Piace ricordarli così. Nel cono d’ombra della chiesa sconsacrata, mentre lontano, nell’orizzonte spumeggiante, sagome di ragazzi sciamano indolenti come libellule azzurre. Basta un fazzoletto d’erba, una panchina senza tempo, per delimitare il miracolo di due mondi. Il garrulare rallenta e si perde, e persino la luce diventa oro antico, fresca seta. I due amanti emergono dalla sontuosa cornice.
Lui forse la sorregge, e guarda oltre il giardino. Ma la mano gli scompare dentro lo scialle rosa, e il volto è solcato da una beatitudine confortante. Splende una lacrima.
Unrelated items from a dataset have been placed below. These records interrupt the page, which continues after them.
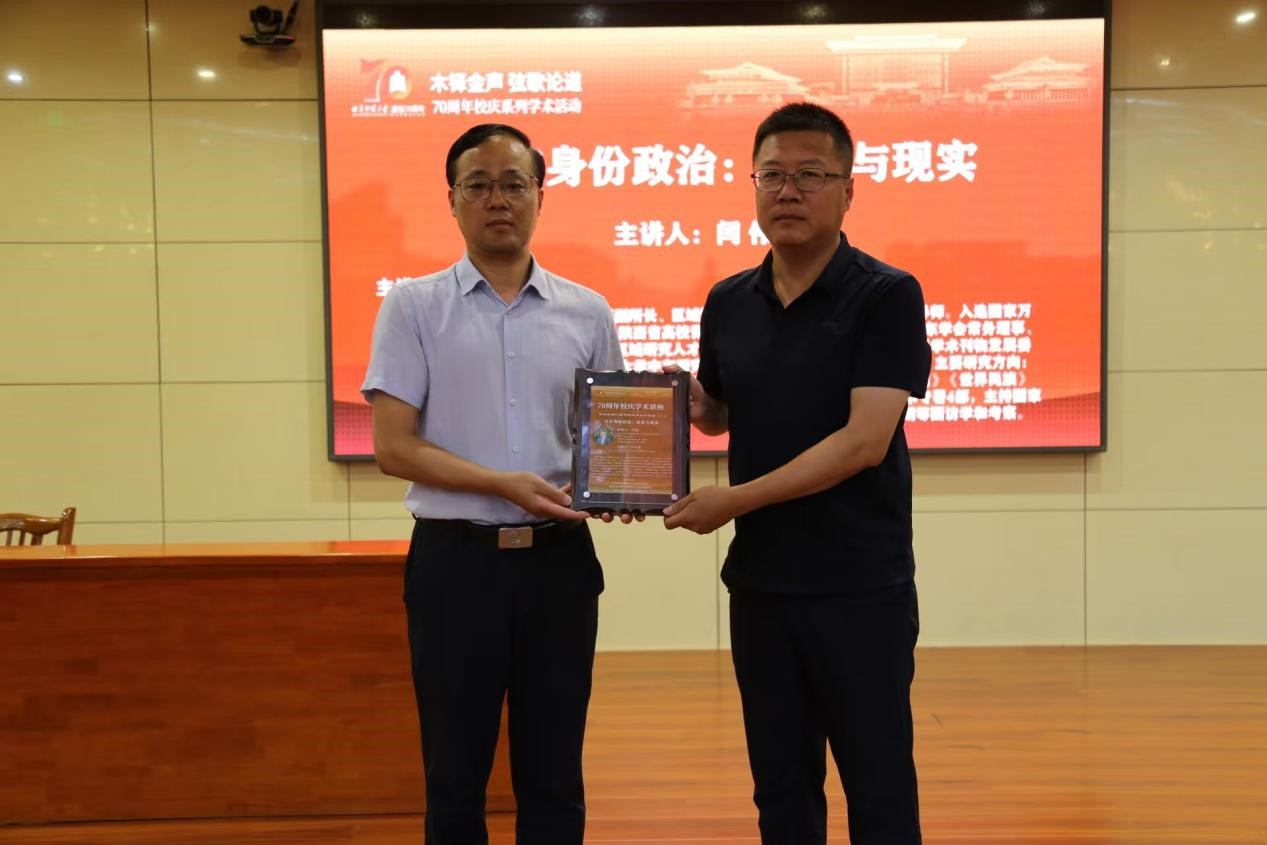 讲座由政治与公共管理学院教授肖文超主持。政治与公共管理学院党委副书记、院长李增元教授代表学院向闫伟教授赠送海报纪念摆台,闫伟教授现场为讲座海报签名,该签名海报将作为“羲和讲堂”名家记忆存档,见证学院学术交流历程。
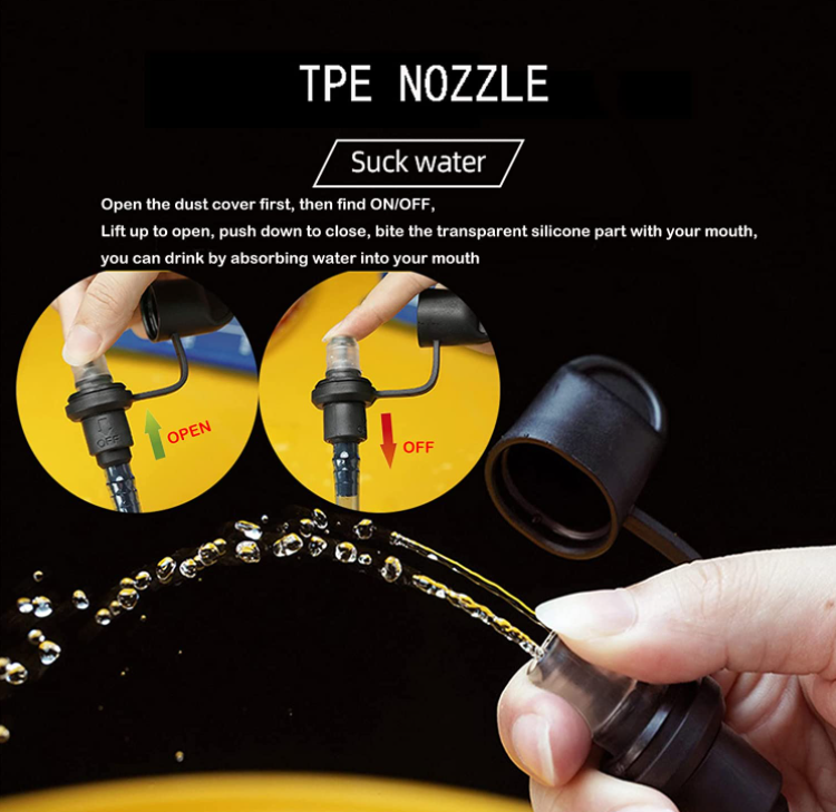 The water bag backpack is equipped with a water injection hose and a push-in bite valve, which is convenient for walking without the hassle of removing the backpack to fetch water, but drinking directly to replenish energy. Open the dust cover of the water pipe, bite the faucet with your teeth, and then gently suck out the drinking water with the force of your mouth
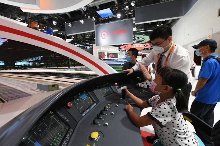 小朋友在2022年中國國際服務(wù)貿(mào)易交易會(huì)國家會(huì)議中心展館體驗(yàn)京張高鐵動(dòng)車組模擬駕駛臺(tái)(2022年9月3日攝)。新華社記者 任超 攝
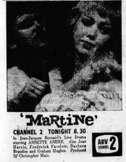 5. ^ "Television Production of Martine". Sydney Morning Herald. 28 December 1961. p. 4.

Lei si appaga soltanto, e pienamente, di quel contatto. E’ in lui. Dentro di lui. S’inerpica, con una spericolatezza di bimba, fino alle sue labbra. Le sfiora. Le bacia. Risuona, quel gesto, di lucore adamantino. Casto e inebriato nella sua franchezza. Lo desidera, e sarà sua.
Il suo corpo è come un libro di meraviglie, uno scrigno di rubini. Ogni ruga una pagina. Ogni filo d’argento, una chioma di saggezza. Schiuma d’avventurosi mari. Un ticchettio avito nel variopinto, domestico universo di silenzi.
Sono rimasti soli. Saluteranno i figli dopo la visita serale. La mamma udrà i loro passi inghiottiti dall’asfalto. E allora le basterà un sospiro d’occhi, per volgersi al suo Gino.